Histologic, ultrastructural, and immunofluorescent findings in a renal biopsy specimen from an adult spayed female Rhodesian Ridgeback dog with proteinuria. (A–D) H&E, PAS, MT, and JMS stains of a glomerulus, respectively reveal segmental sclerosis and synechiae (*). Podocytes are hypertrophied and contain large protein droplets in their cytoplasm (arrows). Scale bar = 50 μm. (E) TEM demonstrates widespread effacement of podocyte foot processes (arrowheads) and absence of ICs. Scale bar = 2 μm. (F) IF staining with an antibody against IgM does not demonstrate granular staining along capillary walls or in GBM (compare with positive staining pattern on Fig 1F). Scale bar = 50 μm.

Amyloidosis was identified in nearly one-sixth of the dogs evaluated (Table 4). In contrast to the entire cohort, the sex distribution among dogs with amyloidosis was characterized by slightly more males than females but was not significantly different from the entire cohort (P = .27). The youngest dog was 2 years old, but the age distribution was otherwise similar to that of the entire cohort. Amyloidosis, however, appeared to be over-represented in 2 breeds; 8 of 9 Chinese Shar Peis and 9 of 11 English Bulldogs biopsied for suspected glomerular disease were found to have amyloidosis. In 3 of 76 cases, amyloid deposits were small and nodular and distributed along the glomerular capillary walls with associated GBM remodeling observed with JMS, mimicking the LM features that can occur in ICGN. However, CR staining and TEM confirmed the presence of amyloid deposits in these cases.

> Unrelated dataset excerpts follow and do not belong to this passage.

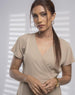 Short-sleeve, V-neck midi dress in a plain fabric, designed with a pleated skirt and adjustable tie-up waist.
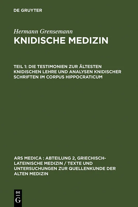 Keine ausführliche Beschreibung für "Die Testimonien zur ältesten knidischen Lehre und Analysen knidischer Schriften im Corpus Hippocraticum" verfügbar. Frontmatter -- A. Testimonien und Fragmente -- B. I. Einleitung -- B. II. Zu den Testimonien und ...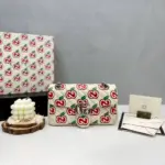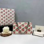 Embrace a touch of timeless elegance with this beautifully crafted crossbody shoulder bag. Featuring a supple, quilted chevron leather exterior, this piece is adorned with a playful and charming apple print that adds a whimsical yet sophisticated flair to any outfit. The design is perfectly complemented by antique gold-toned hardware, including a striking double-letter emblem on the front flap that enhances its classic appeal.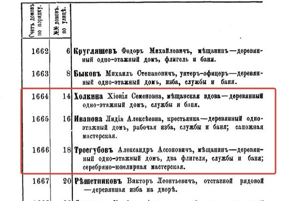 На месте, где были найдены аптекарские бутылочки, в начале XX века располагались жилые дома. Подняв документы, выяснилось, что на Третьей Мельковской улице Мельковской Слободы жилии мещанская вдова Холкина Ксиония Семеновна, крестьянка Иванова Лидия Алексеевна, мещанин и владелец ювелирной мастерской Троегубов Александр Ассонович.
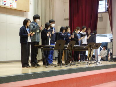 歌、リコーダー、鍵盤ハーモニカ、旗のコラボレーションがバッチリ決まっていました。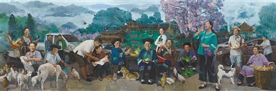 为表现湖南省湘西土家族苗族自治州花垣县十八洞村的新风貌,油画家黄礼攸、黄子恺、贾文广、李海华走村社、下田头,细心了解村民日常,深入体验田园劳作,在广泛收集第一手图像资料的同时,进一步提炼升华故事原型。作品《春天来喽》以6米长的画卷,将十八洞村的创业故事娓娓道来。画面中,十几位乡亲笑意盈盈,纯朴自然。他们中,既有返乡青年、致富能手,也有创业模范。画面构图错落有致,人物形态各不相同,村社亭阁疏密相间,穿插其中的轿车、货车为画面增添了现代感,传统苗绣服饰等尽显文化意蕴。在人才返乡、产业兴旺、三代同乐的幸福生活中,春天的气息透过作品扑面而来。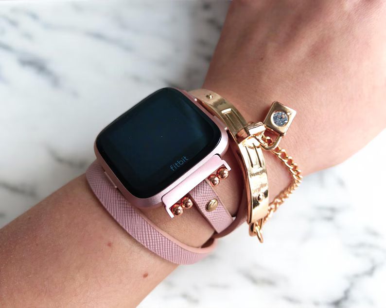 - Materials: Handmade Fitbit band, Fitbit Versa rose gold band, Vegan leather Fitbit strap, Gift for her Fitbit band, Fitbit band with charm, Versa watch band women, Fitbit Versa jewelry band, Fitbit Versa vegan leather band, chic fitbit band, fitbit versa 3, fitbit sense, fitbit watch gold, fitbit watch bracelet
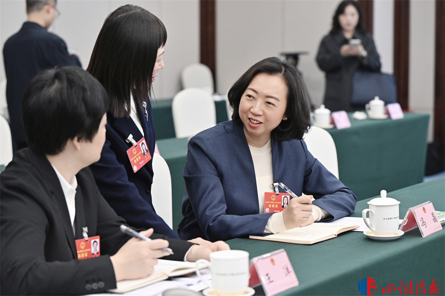 小组会后,罗婵代表与参会代表讨论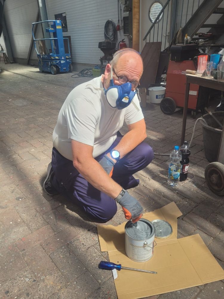 We moeten flink aan de bak door alle kleine roestvlekjes af te krabben en te voorzien van 6 lagen primer.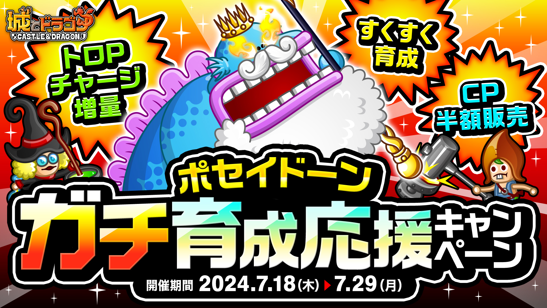 株式会社アソビズム(本社:東京都千代田区、代表取締役:大手智之)は、App Store・Google Playにて好評配信中の『城とドラゴン』で、2024年7月18日(火)に、ポセイドーンを対象とした「【ガチ】育成応援キャンペーン」を実施いたします。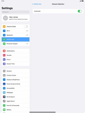 Press the indicator next to "Automatic" to turn automatic network selection on or off.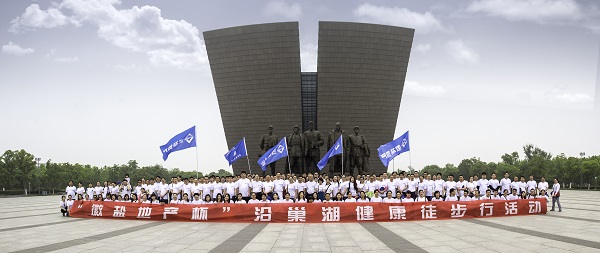 毅路向前,堅(jiān)持到底!5月14日上午7時(shí)45分,2016年“徽鹽地產(chǎn)杯”在肥鹽業(yè)系統(tǒng)職工健身走活動(dòng)啟動(dòng)儀式在合肥市濱湖新區(qū)渡江戰(zhàn)役紀(jì)念館南廣場(chǎng)舉行。省公司領(lǐng)導(dǎo)石俊、王良貴、顏?zhàn)谌A、許建勝、楊曉彬、王思軍等出席儀式,并為來(lái)自全系統(tǒng)在肥的200余名職工領(lǐng)走。

Dogs with an assortment of primary glomerular lesions that were not ICGN, amyloidosis, or glomerulosclerosis were grouped in a single category that accounted for nearly one-tenth of the cases (Table 4). The ages and sex distribution of dogs in this category were similar to those of the entire cohort, with no significant difference observed for sex (P = .20). Five (11.1%) of the 45 cases in this category originally were diagnosed as IC disease based on LM, but did not have electron-dense deposits on TEM or positive IF staining for immunoreactants. TEM was required to definitively determine that IC were not present in the glomeruli in 17/45 (37.8%) of the non-IC glomerulopathy cases. Most cases had nonspecific evidence of podocyte injury with or without synechiae (25 cases), but other cases had nonamyloidotic fibrillary deposits (6 cases), were suspected to have fibronectin glomerulopathy (1 case) or collagenofibrotic glomerulopathy (1 case), or had primary GBM defects (4 cases). Seven other cases had nonspecific primary glomerular changes without IC deposits.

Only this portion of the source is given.